** Extracted information follows **

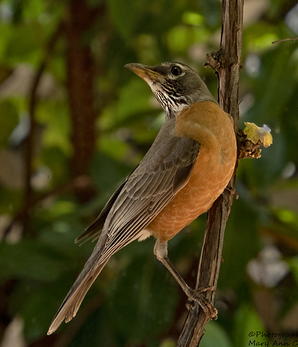 Hi Mary Ann, Like your robin image. The twist of the head and they way it is holding onto the tree makes it even more interesting. Great sharp exposure even through a window. Just my two cent but I don't think you need the branches on either side. Well done. |
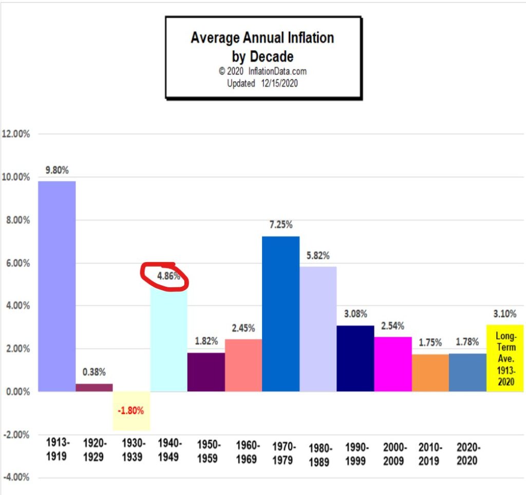 Patrząc na średnią stopę inflacji w USA na przestrzeni ostatnich ponad 100 lat możemy dojść do wniosku, iż niska średnia stopa inflacji w ostatnich latach była raczej anomalią niż normą. Dekada lat 20, XX-wieku rozpoczęła się wejściem w okres inflacji, podobny do wojennego okresu 1913-1919 po którym nastąpiła wielka dezinflacja i spekulacyjne szaleństwo Wall Street zakończone finalnie krachem i Wielkim Kryzysem 1929 roku.
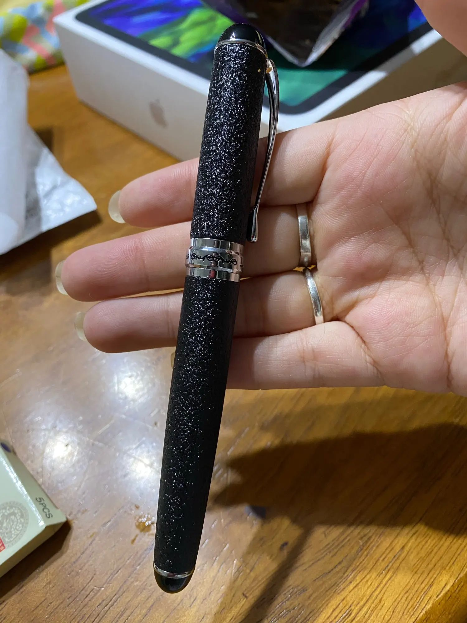 Хорошо сбалансирован. Быстрая доставка. Приятно писать. Я очень доволен ручкой.
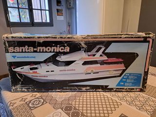 Ancien bateau de Collection a télécommande filaire Santa Monica Montéléone Team Drapeau Italien Année 70 - 80 dans sa boite d'origine mais pas de même couleur. Parfait état,
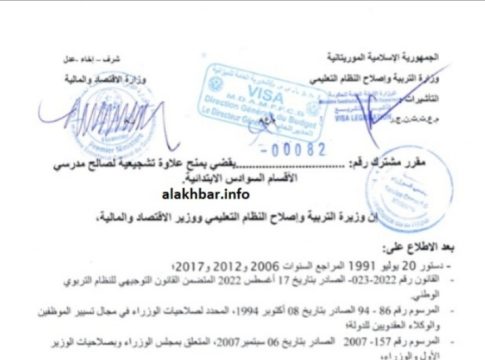 وقعت وزيرة التربية وإصلاح النظام التعليمي هدى باباه، ووزير الاقتصاد والمالية سيدي أحمد ولد أبوه، مقررا مشتركا يقضي بمنح علاوة تشجيعية قدرها 20 ألف أوقية قديمة لصالح مدرسي أقسام السوادس من التعليم الابتدائي.
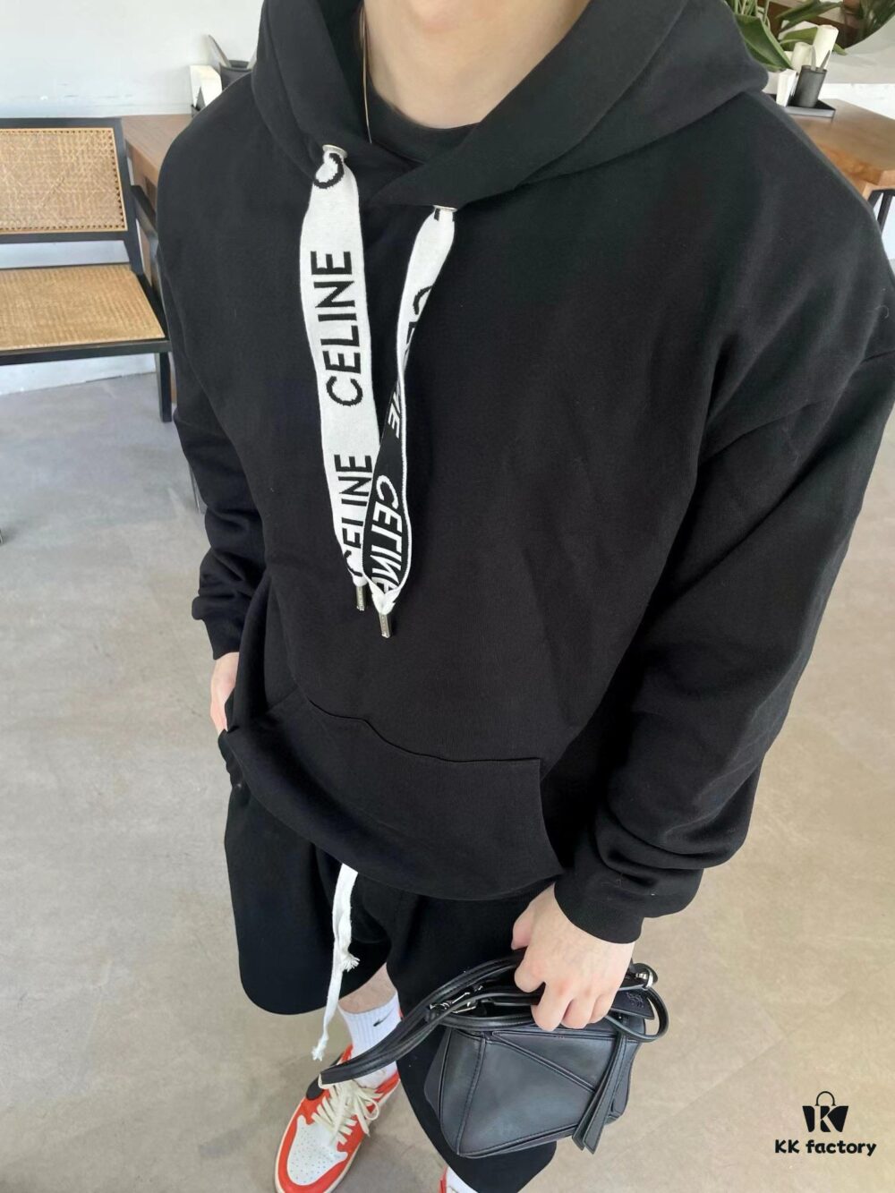 CELINE Triumph Arch Knit Hoodie – Classic Letter Design, Heavyweight 400g Fabric, Imported Matte Black Print
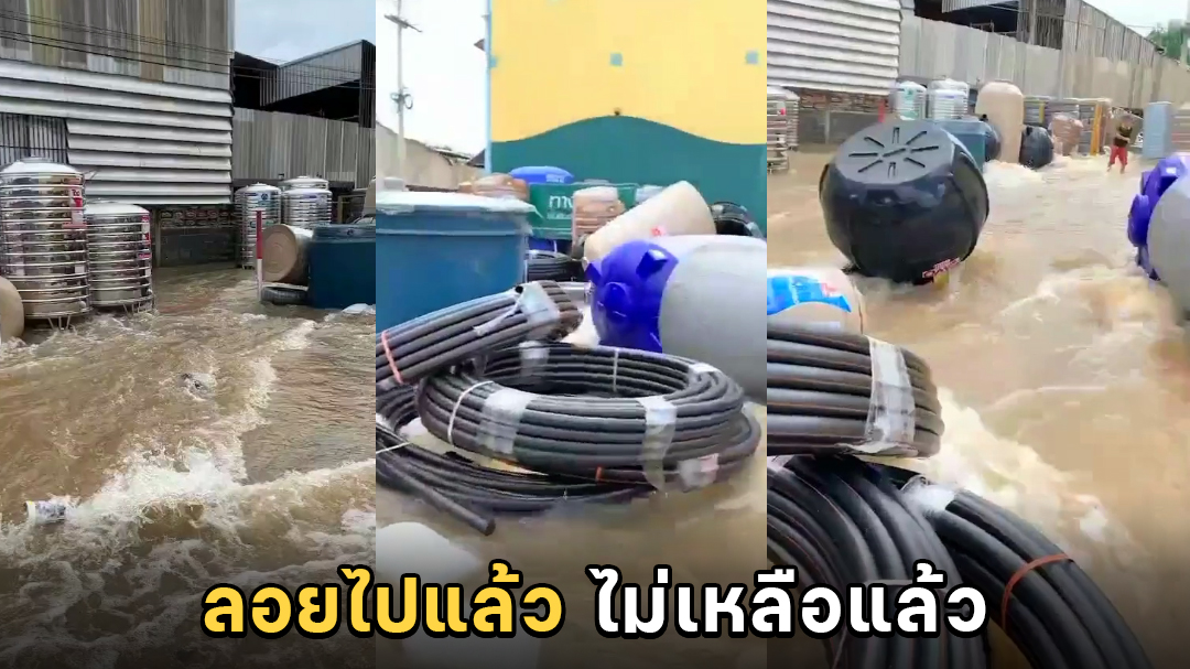 สถานการณ์น้ำท่วมชัยภูมิยังหนัก ที่โกดังโกลบอลเฮ้าส์ เจอกระแสน้ำซัดแรงจนข้าวของกระจัดกระจาย ลอยไปกับกระแสน้ำ
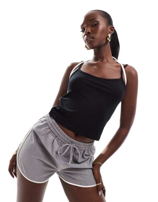 ASOS DESIGN – Neckholder-Oberteil in Schwarz mit Riemchenträgern und farblich abgesetzter Einfassung
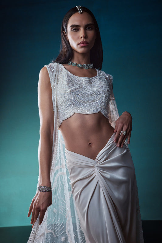 IVORY INDOWESTERN JACKET SET WITH DRAPED SKIRT
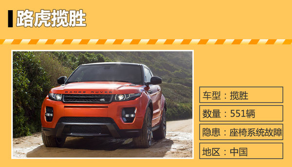 | 路虎 | 揽胜 | 74辆 | 2015年05月22日至2015年06月10日 | 座椅系统故障 |
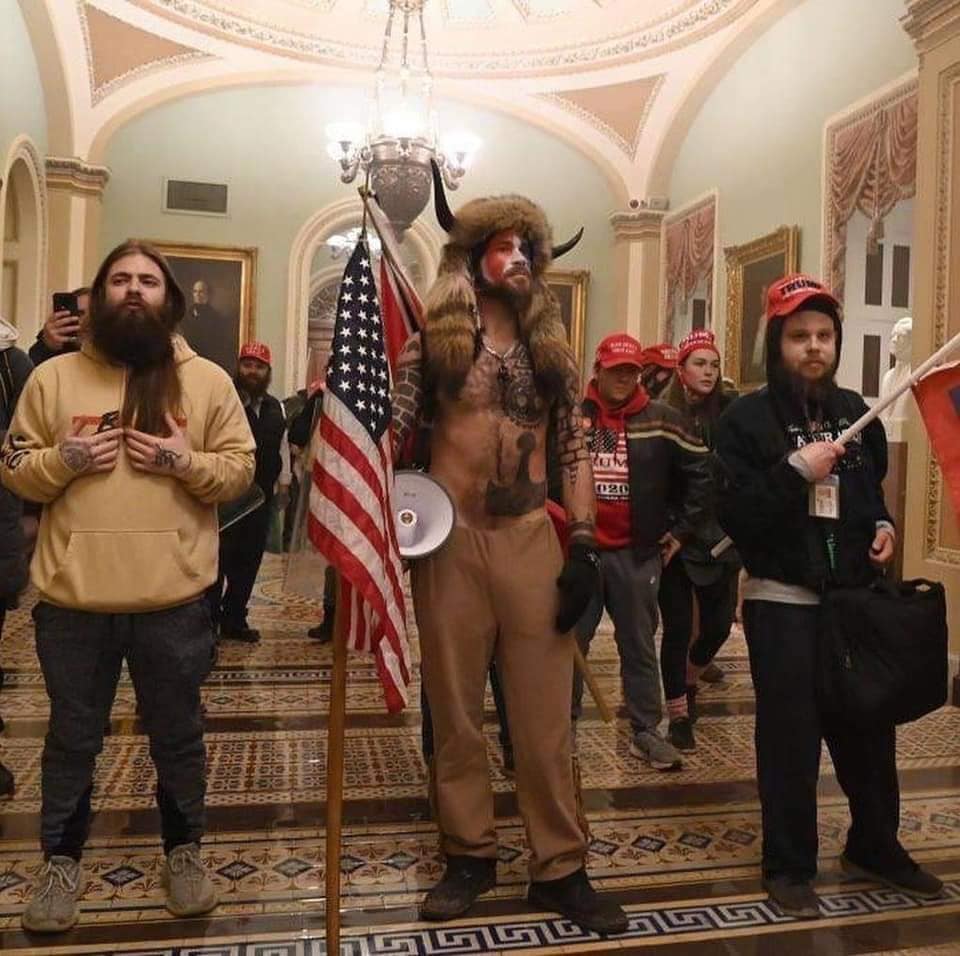 Ontem os nazistas (como este da foto) e outros tantos seres doentios saíram dos esgotos e invadiram o Congresso americano.
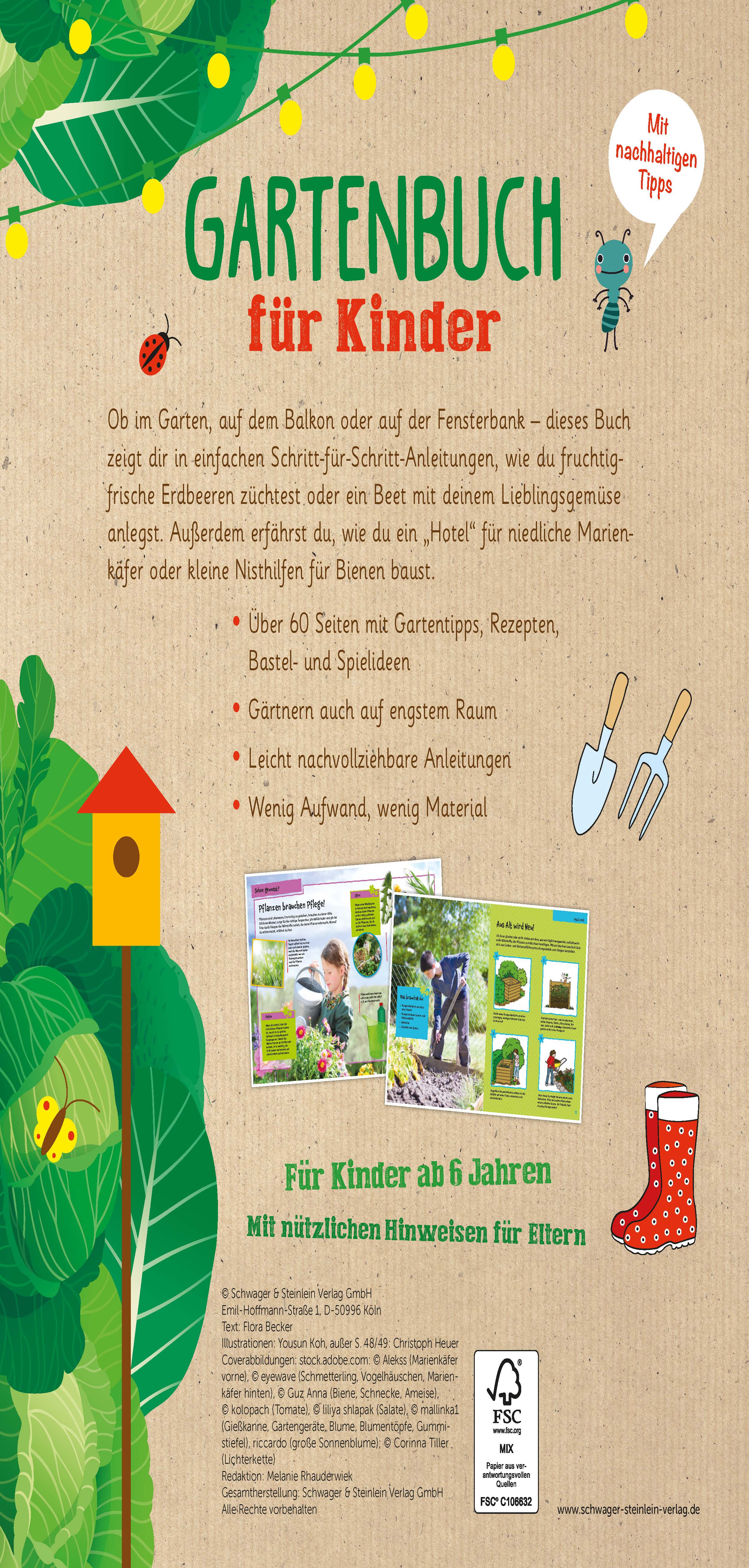 Ob im Garten, auf dem Balkon oder auf der Fensterbank - dieses Buch zeigt dir in einfachen Schritt-für-Schritt-Anleitungen, wie du fruchtig-frische Erdbeeren züchtest, ein Beet mit deinem Lieblingsgemüse anlegst und ein Bienenhotel baust. Hier ist alles zu finden, was zum Gärtnern gebraucht wird: passende Ausrüstung, richtiger Dünger, besondere Pflegetipps und vieles mehr. Ob Apfelbaum, Möhren-Zwiebelbeet, Kräuterschnecke oder Eimerkartoffeln, für jede Gartengröße ist etwas dabei. Zusätzlich bietet dieses Buch für Kinder tolle Ideen für Rezepte und Spiele rund ums Thema Gärtnern. Hinweise für Eltern ergänzen die Tipps, die auch das Thema Nachhaltigkeit berücksichtigen und so bereits im Kindesalter ein Umweltbewusstsein vermitteln und stärken.

** End of Extracted information **

## Required action
With the pictures left out, output the lines from the one containing "IVORY INDOWESTERN JACKET" through the last line of the records above, exactly as they are.

## Answer box
 IVORY INDOWESTERN JACKET SET WITH DRAPED SKIRT
 | 路虎 | 揽胜 | 74辆 | 2015年05月22日至2015年06月10日 | 座椅系统故障 |
 Ontem os nazistas (como este da foto) e outros tantos seres doentios saíram dos esgotos e invadiram o Congresso americano.
 Ob im Garten, auf dem Balkon oder auf der Fensterbank - dieses Buch zeigt dir in einfachen Schritt-für-Schritt-Anleitungen, wie du fruchtig-frische Erdbeeren züchtest, ein Beet mit deinem Lieblingsgemüse anlegst und ein Bienenhotel baust. Hier ist alles zu finden, was zum Gärtnern gebraucht wird: passende Ausrüstung, richtiger Dünger, besondere Pflegetipps und vieles mehr. Ob Apfelbaum, Möhren-Zwiebelbeet, Kräuterschnecke oder Eimerkartoffeln, für jede Gartengröße ist etwas dabei. Zusätzlich bietet dieses Buch für Kinder tolle Ideen für Rezepte und Spiele rund ums Thema Gärtnern. Hinweise für Eltern ergänzen die Tipps, die auch das Thema Nachhaltigkeit berücksichtigen und so bereits im Kindesalter ein Umweltbewusstsein vermitteln und stärken.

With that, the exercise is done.